I would go as far as to say that I am a bit of expert when it comes to long distance relationships. Me and the boyfriend have been together for 8 years now and have had multiple periods of separation.
I remember the first time this happened - it's safe to say I was an emotional mess for a fair few months until we found a routine and ways to maintain a strong bond. And in fact, although its a cliche, distance does make the heart grow fonder.
However there has to be some ground rules for it to work *in my opinion*. There needs to be trust. Some sort of timeframe to work with, in terms of a date that you will be reunited and very good communication skills. But it is not impossible to maintain such a relationship and since, we have had many periods of separation, which I actually believe has made our relationship better.
So when I decided to leave London for another country, I assumed that most of my friendships would be secure and workable. But I never really factored in the sheer amount of commitment, to multiple people, that I would have to make. Communication across borders with one person can be tricky, but when you have several friends and family members to maintain relationships with, tricky is the least of your problems.
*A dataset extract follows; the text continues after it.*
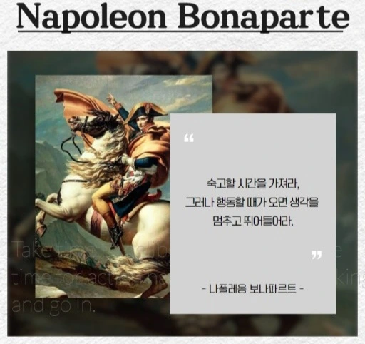 나폴레옹은 운을 믿지도 않았고, 기다리지도 않았다. 늘 스스로 준비했고, 스스로 기회를 만들었고, 없는 인맥도 만들어냈으며, 더 높은 곳을 바라보며 노력하기를 멈추지 않았다.

I guess with friends it all comes down to the type of relationship you had in the first place; I have many amazing girlfriends (and boy-friends) in London, who I might not speak to for at least a month, but when we speak, its like no time passed at all.
I think in order to maintain long distance friendships you need to find a balance with each person; something that fits with your existing relationship. And don't get down about being off the communication radar every once in a while.
I had many moments where I felt like I let someone down. Whether it was not being there for a birthday, forgetting to reply to that email or not being free to skype, everyday life easily gets in the way. But, friendships can survive distance with a little bit of effort.
And every time I return to London, I get welcomed back by the amazing faces of friends I love (and miss on a daily basis) and it makes all the effort worthwhile.
I have never done long distance relationships with both the boyfriends and friends simultaneously, but that situation is about to be thrust upon me. Watch this space for how I handle that one.